** Work task **
Transcribe the full listing below, word for word, without pictures.
-------- Given data --------
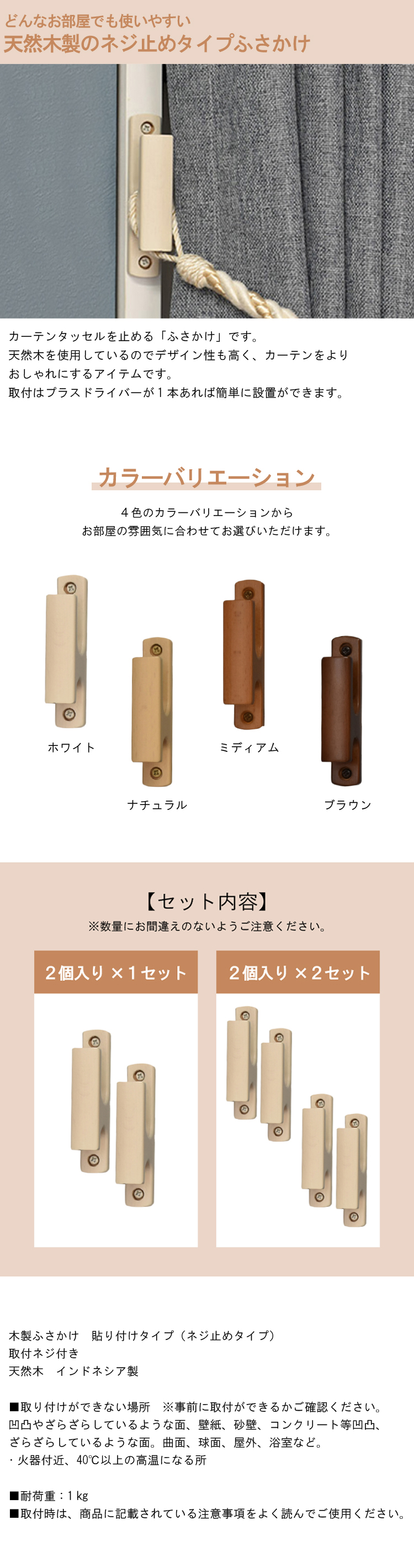 ネジ止めタイプ ふさかけ オウルB 房掛け 2個入り ネジ止め トーソー TOSO カーテン留め 木目 天然 韓国 インテリア 北欧 カーテン フック 雑貨
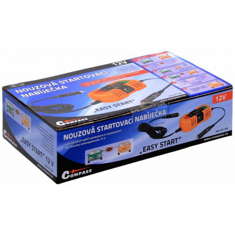Štartovacia nabíjačka pre núdzové nabitie autobatérie k naštartovaniu vozidla. Zapája sa do zásuvky autozapaľovača vozidla s nabitou batériou a vozidlá ktoré treba naštartovať. Určené pre napätie 12 V. Odpadá tak štartovanie cez klasické štartovacie káble, kedy je nutné u oboch vozidiel otvárať kapotu a zabezpečovať prístup k autobateriím. Vďaka celkovej dĺžke nabíjačky s káblami (4,5 metra) nie je nutné manipulovať s vozidlami, aby stáli veľmi blízko seba ako u bežných štartovacích káblov.
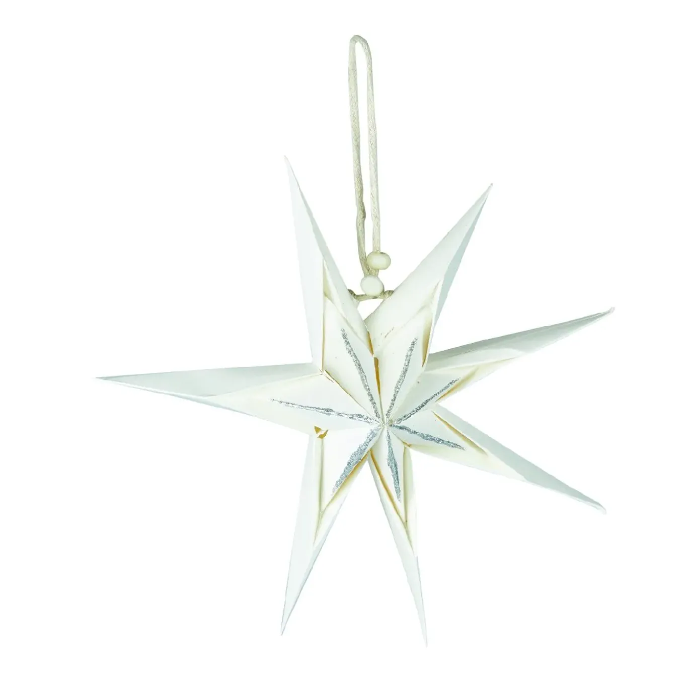 Bring dein Zuhause in Festtagsstimmung! Dieser wunderschöne weiße Papierstern mit silberner 3D Optik zaubert eine tolle weihnachtliche Atmosphäre. Mit einer Schnur kannst du ihn kinderleicht überall befestigen. Die Schnur ist 12 cm lang.
--------
** Written solution **
 ネジ止めタイプ ふさかけ オウルB 房掛け 2個入り ネジ止め トーソー TOSO カーテン留め 木目 天然 韓国 インテリア 北欧 カーテン フック 雑貨
Štartovacia nabíjačka pre núdzové nabitie autobatérie k naštartovaniu vozidla. Zapája sa do zásuvky autozapaľovača vozidla s nabitou batériou a vozidlá ktoré treba naštartovať. Určené pre napätie 12 V. Odpadá tak štartovanie cez klasické štartovacie káble, kedy je nutné u oboch vozidiel otvárať kapotu a zabezpečovať prístup k autobateriím. Vďaka celkovej dĺžke nabíjačky s káblami (4,5 metra) nie je nutné manipulovať s vozidlami, aby stáli veľmi blízko seba ako u bežných štartovacích káblov.
 Bring dein Zuhause in Festtagsstimmung! Dieser wunderschöne weiße Papierstern mit silberner 3D Optik zaubert eine tolle weihnachtliche Atmosphäre. Mit einer Schnur kannst du ihn kinderleicht überall befestigen. Die Schnur ist 12 cm lang.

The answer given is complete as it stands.